**Problem to work on:**
For this exercise, write out the whole listing below exactly, omitting its images.

**Excerpted data:**
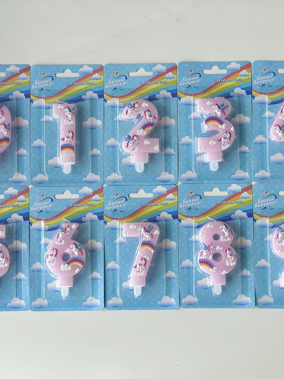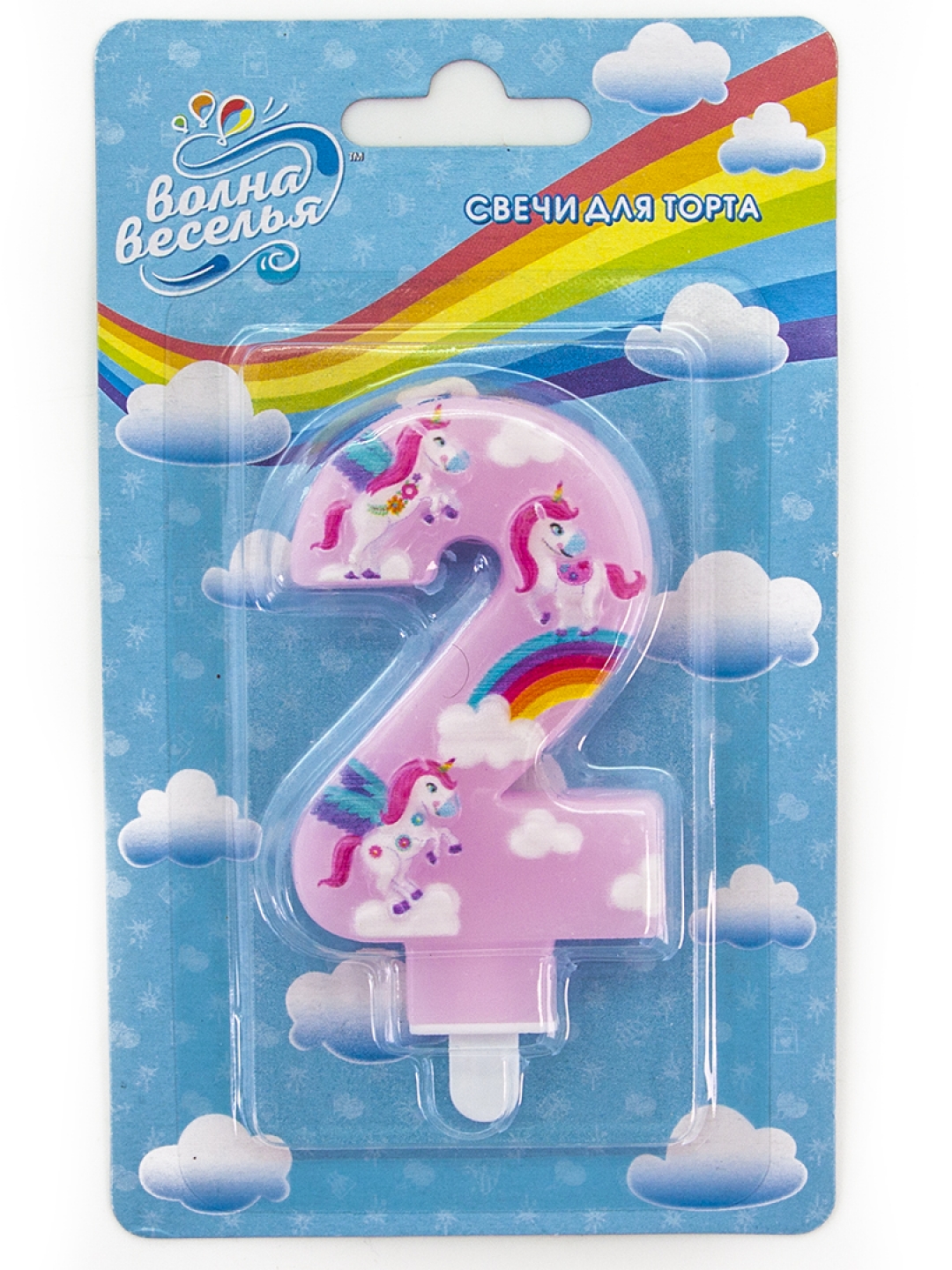 Свеча Цифра, Волшебные единороги, Розовый, 9 см, 1 шт.
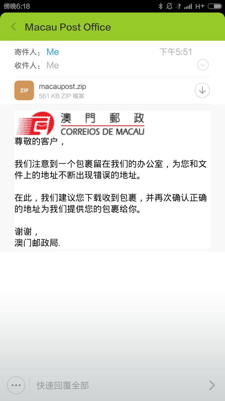 A Direcção dos Serviços de Correio recomenda ao público para estar vigilante e prestar atenção a um correio electrónico escrito em chinês simplificado, contendo o logotipo destes Serviços, que solicita ao destinatário a divulgação do seu endereço (por favor consulte a imagem para detalhes). O nome de domínio do remetente é diferente do nome de domínio destes Serviços: "macaupost.gov.mo". Os Correios de Macau esclarecem que não enviaram o correio electronico em questão para os seus clientes. Dado que o documento de zip "macaupost.zip" do correio electrónico, a este anexado, contém vírus informáticos, o público é aconselhado a não o descarregar.
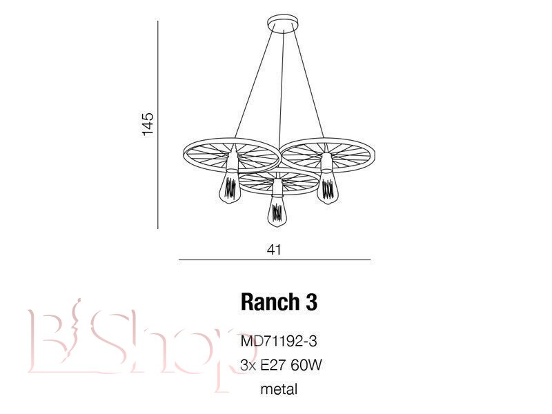 Кількість ламп: 3. Тип цоколя: E27. Висота (див): 145. Потужність лампи (Вт): 60. Діаметр (див): 41.
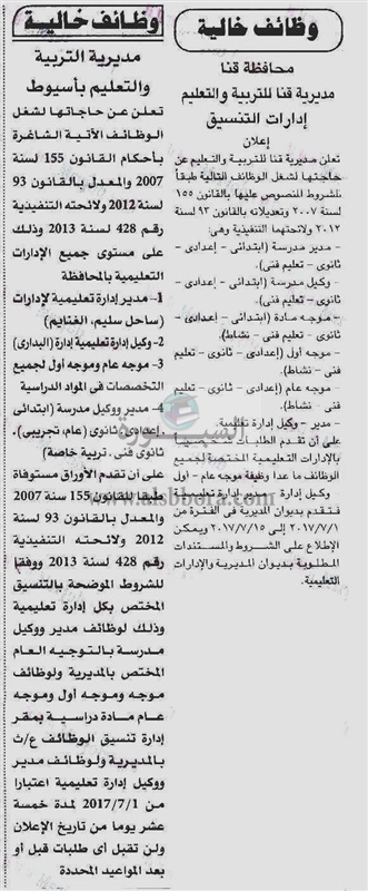 اعلنت وزارة التربية والتعليم 1 يوليو 2017 عن حاجتها لشغل عدد من الوظائف الشاغرة بعدد من المحافظات من خريجي الجامعات المصرية ,وبدء الاعلان اليوم بمديرية التربية والتعليم بمحافظات قنا واسيوط وللتخصصات الواردة فى الاعلان والمنشور بجريدة الاهرام والجمهورية وما يلى تفاصيل الاعلان .
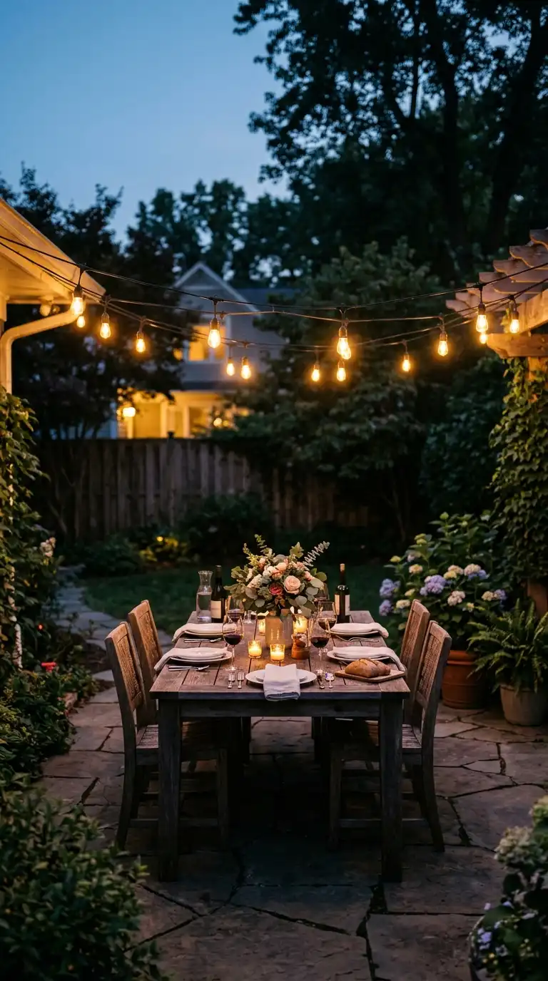 String lights are one of the most popular and effective ways to create a warm, inviting atmosphere. Crisscross them overhead between trees, across a patio, or over a dining area to create a magical canopy. Choose warm-toned bulbs (2700K) for a soft, flattering glow. For added charm, mix in larger globe bulbs or Edison bulbs. String lights work with any theme—rustic, boho, elegant, or modern—and instantly elevate the space.
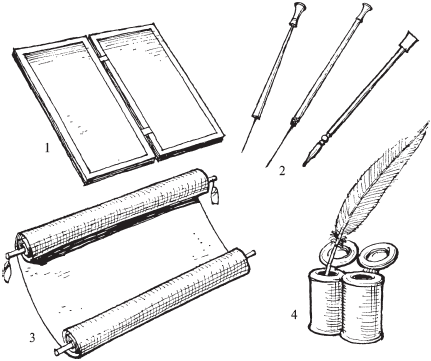 Книги и чтение Будет неверно считать любовь к литературе незначительной среди очень здравомыслящих римлян в дни ранней республики на том основании, что, насколько мы можем судить, литература волновала лишь меньшинство. Использование папируса, от которого произошла наша бумага, было важнейшим изобретением; как указывал Плиний Старший, блага цивилизованной жизни в значительной степени зависят от использования бумаги. На рынках Рима продавалось много сортов писчей бумаги. Лучшая делалась из сердцевины папируса и называлась «hieratica», потому что использовалась исключительно для священных книг. Судя по Плинию, одному бывшему школьному учителю и вольноотпущеннику удалось сделать первоклассную бумагу из третьесортной сердцевины. Его бумага широко продавалась и была известна под названием фанниева (fanniana) бумага. Как нам известно от Катулла, тогда, как и сегодня, использованная бумага применялась, по его словам, в качестве «обертки для макрели», а также в гигиенических целях (в туалетах). Черные чернила, надписи которыми остались разборчивыми до сего дня, изготавливались из сажи, смолы, дегтя и чернил осьминога. Плиний свидетельствует, что в I веке н. э. чернила ввозились из Индии, хотя говорит, что не знает, как они изготавливались. Похоже, он перепутал их с фиолетовой краской индиго. Ручки обычно были из тростника или перьев, остро заточенных, подобно гусиным и индюшачьим перьям наших не столь далеких предков. Писателям требовалось небольшой сундучок, полный этих обязательных инструментов их ремесла. Стиль – stilus, заостренная тонкая палочка из дерева, слоновой кости, камыша или металла – использовался для выцарапывания посланий, или memoranda, на покрытых воском деревянных табличках, которые скреплялись друг с другом шнурами, позволяющими поворачивать их как на шарнирах. Сенека говорит, что собрание таких табличек в старину называлось «caudex». Отсюда происхождение слова «кодекс», используемого позднее для обозначения книги со страницами вместо свитка. Обычно свиток писался только на одной стороне столбцами длиной от 2 до 3 дюймов; в столбце было от 25 до 45 строк. Нормальный размер почерка обычно позволял написать приблизительно от 18 до 25 знаков (букв) в строке. В более качественных манускриптах большое внимание уделялось правильному соотношению полей вверху и внизу, а также расстоянию между колонками. Использовать обратную сторону для письма было невыгодной экономией, поскольку свитки были полупрозрачными. Тем не менее школьные упражнения в письме и счете можно было найти на оборотной стороне некоторых свитков. Один свиток обычного размера содержал целую книгу Библии длиной с Евангелие от Матфея. На длинное произведение, такое как полная история Ливия, потребовалось бы 142 свитка, что было слишком для библиотеки бедняка, как сетовал Марциал. Обращаться с такими «книгами» было очень неудобно. Для того чтобы найти необходимый отрывок или ссылку, нужно было разворачивать весь свиток целиком. Папирусное полотно не так легко рвалось, как наша бумага, но трудно поверить, что оно смогло бы выдержать такое же постоянное использование, какое выдерживает книга. ![]() Рис. 51. Письменные принадлежности: 1 – восковые таблички; 2 – стиль; 3 – папирусный свиток; 4 – чернильницы и перьевая ручка Вызывающей удивление стороной этих древних свитков, мног
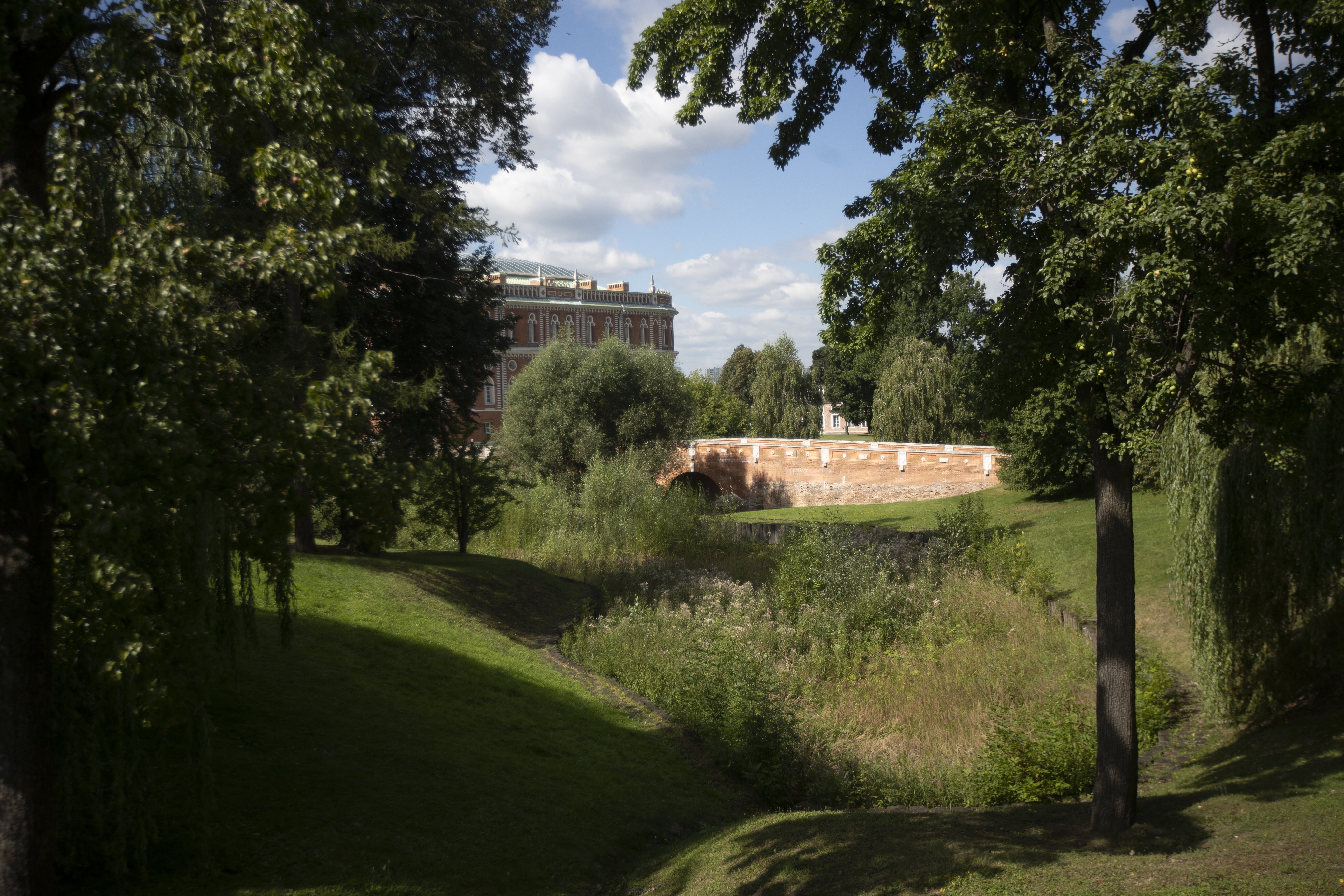 Оранжерейный мост, или «Оранжерейная плотина», был возведен в начале ХIХ века по инициативе Экспедиции Кремлевского строения по проекту архитектора Ивана Васильевича Еготова. Оранжерейный мост в верховьях Большой оврага был построен с практической целью: он должен был облегчить сообщение между Хлебным домом и Оранжерейным участком. Выше Оранжерейного моста находятся Оранжерейные пруды. Еще в середине ХVIII века в верховьях Большого оврага был устроен каскад их трех небольших прудов. Из этих прудов брали воду для полива растений в оранжереях и в «воздушном саду». В начале ХIХ века плотину пруда около Хлебного дома дополнили мостом. Оранжерейный мост довольно скромен по своей архитектуре и декору. Он выдержан в общей для царицынского ансамбля цветовой гамме и стилистике. Приземистый и одноарочный Оранжерейный мост построен из красного кирпича с белокаменным декором. Парапет моста украшен редко расположенными рельефами из белого камня. Арка моста усилена контрофорсами. К началу ХХ века Оранжерейный мост пребывал в достаточно плачевном состоянии. Пруды обмелели и покрылись густой тиной, от них остался лишь маленький ручеек на дне оврага. Оранжерейный мост был восстановлен из руин в 1998-2000 годах. Недавно были воссозданы и Оранжерейные пруды, с новой плотиной и небольшим островком. С проезжей части Оранжерейного моста можно любоваться панорамой Большого оврага и живописным видом каскада Оранжерейных прудов.

**Response:**
 Свеча Цифра, Волшебные единороги, Розовый, 9 см, 1 шт.
 A Direcção dos Serviços de Correio recomenda ao público para estar vigilante e prestar atenção a um correio electrónico escrito em chinês simplificado, contendo o logotipo destes Serviços, que solicita ao destinatário a divulgação do seu endereço (por favor consulte a imagem para detalhes). O nome de domínio do remetente é diferente do nome de domínio destes Serviços: "macaupost.gov.mo". Os Correios de Macau esclarecem que não enviaram o correio electronico em questão para os seus clientes. Dado que o documento de zip "macaupost.zip" do correio electrónico, a este anexado, contém vírus informáticos, o público é aconselhado a não o descarregar.
 Кількість ламп: 3. Тип цоколя: E27. Висота (див): 145. Потужність лампи (Вт): 60. Діаметр (див): 41.
 اعلنت وزارة التربية والتعليم 1 يوليو 2017 عن حاجتها لشغل عدد من الوظائف الشاغرة بعدد من المحافظات من خريجي الجامعات المصرية ,وبدء الاعلان اليوم بمديرية التربية والتعليم بمحافظات قنا واسيوط وللتخصصات الواردة فى الاعلان والمنشور بجريدة الاهرام والجمهورية وما يلى تفاصيل الاعلان .
 String lights are one of the most popular and effective ways to create a warm, inviting atmosphere. Crisscross them overhead between trees, across a patio, or over a dining area to create a magical canopy. Choose warm-toned bulbs (2700K) for a soft, flattering glow. For added charm, mix in larger globe bulbs or Edison bulbs. String lights work with any theme—rustic, boho, elegant, or modern—and instantly elevate the space.
 Книги и чтение Будет неверно считать любовь к литературе незначительной среди очень здравомыслящих римлян в дни ранней республики на том основании, что, насколько мы можем судить, литература волновала лишь меньшинство. Использование папируса, от которого произошла наша бумага, было важнейшим изобретением; как указывал Плиний Старший, блага цивилизованной жизни в значительной степени зависят от использования бумаги. На рынках Рима продавалось много сортов писчей бумаги. Лучшая делалась из сердцевины папируса и называлась «hieratica», потому что использовалась исключительно для священных книг. Судя по Плинию, одному бывшему школьному учителю и вольноотпущеннику удалось сделать первоклассную бумагу из третьесортной сердцевины. Его бумага широко продавалась и была известна под названием фанниева (fanniana) бумага. Как нам известно от Катулла, тогда, как и сегодня, использованная бумага применялась, по его словам, в качестве «обертки для макрели», а также в гигиенических целях (в туалетах). Черные чернила, надписи которыми остались разборчивыми до сего дня, изготавливались из сажи, смолы, дегтя и чернил осьминога. Плиний свидетельствует, что в I веке н. э. чернила ввозились из Индии, хотя говорит, что не знает, как они изготавливались. Похоже, он перепутал их с фиолетовой краской индиго. Ручки обычно были из тростника или перьев, остро заточенных, подобно гусиным и индюшачьим перьям наших не столь далеких предков. Писателям требовалось небольшой сундучок, полный этих обязательных инструментов их ремесла. Стиль – stilus, заостренная тонкая палочка из дерева, слоновой кости, камыша или металла – использовался для выцарапывания посланий, или memoranda, на покрытых воском деревянных табличках, которые скреплялись друг с другом шнурами, позволяющими поворачивать их как на шарнирах. Сенека говорит, что собрание таких табличек в старину называлось «caudex». Отсюда происхождение слова «кодекс», используемого позднее для обозначения книги со страницами вместо свитка. Обычно свиток писался только на одной стороне столбцами длиной от 2 до 3 дюймов; в столбце было от 25 до 45 строк. Нормальный размер почерка обычно позволял написать приблизительно от 18 до 25 знаков (букв) в строке. В более качественных манускриптах большое внимание уделялось правильному соотношению полей вверху и внизу, а также расстоянию между колонками. Использовать обратную сторону для письма было невыгодной экономией, поскольку свитки были полупрозрачными. Тем не менее школьные упражнения в письме и счете можно было найти на оборотной стороне некоторых свитков. Один свиток обычного размера содержал целую книгу Библии длиной с Евангелие от Матфея. На длинное произведение, такое как полная история Ливия, потребовалось бы 142 свитка, что было слишком для библиотеки бедняка, как сетовал Марциал. Обращаться с такими «книгами» было очень неудобно. Для того чтобы найти необходимый отрывок или ссылку, нужно было разворачивать весь свиток целиком. Папирусное полотно не так легко рвалось, как наша бумага, но трудно поверить, что оно смогло бы выдержать такое же постоянное использование, какое выдерживает книга. ![]() Рис. 51. Письменные принадлежности: 1 – восковые таблички; 2 – стиль; 3 – папирусный свиток; 4 – чернильницы и перьевая ручка Вызывающей удивление стороной этих древних свитков, мног
 Оранжерейный мост, или «Оранжерейная плотина», был возведен в начале ХIХ века по инициативе Экспедиции Кремлевского строения по проекту архитектора Ивана Васильевича Еготова. Оранжерейный мост в верховьях Большой оврага был построен с практической целью: он должен был облегчить сообщение между Хлебным домом и Оранжерейным участком. Выше Оранжерейного моста находятся Оранжерейные пруды. Еще в середине ХVIII века в верховьях Большого оврага был устроен каскад их трех небольших прудов. Из этих прудов брали воду для полива растений в оранжереях и в «воздушном саду». В начале ХIХ века плотину пруда около Хлебного дома дополнили мостом. Оранжерейный мост довольно скромен по своей архитектуре и декору. Он выдержан в общей для царицынского ансамбля цветовой гамме и стилистике. Приземистый и одноарочный Оранжерейный мост построен из красного кирпича с белокаменным декором. Парапет моста украшен редко расположенными рельефами из белого камня. Арка моста усилена контрофорсами. К началу ХХ века Оранжерейный мост пребывал в достаточно плачевном состоянии. Пруды обмелели и покрылись густой тиной, от них остался лишь маленький ручеек на дне оврага. Оранжерейный мост был восстановлен из руин в 1998-2000 годах. Недавно были воссозданы и Оранжерейные пруды, с новой плотиной и небольшим островком. С проезжей части Оранжерейного моста можно любоваться панорамой Большого оврага и живописным видом каскада Оранжерейных прудов.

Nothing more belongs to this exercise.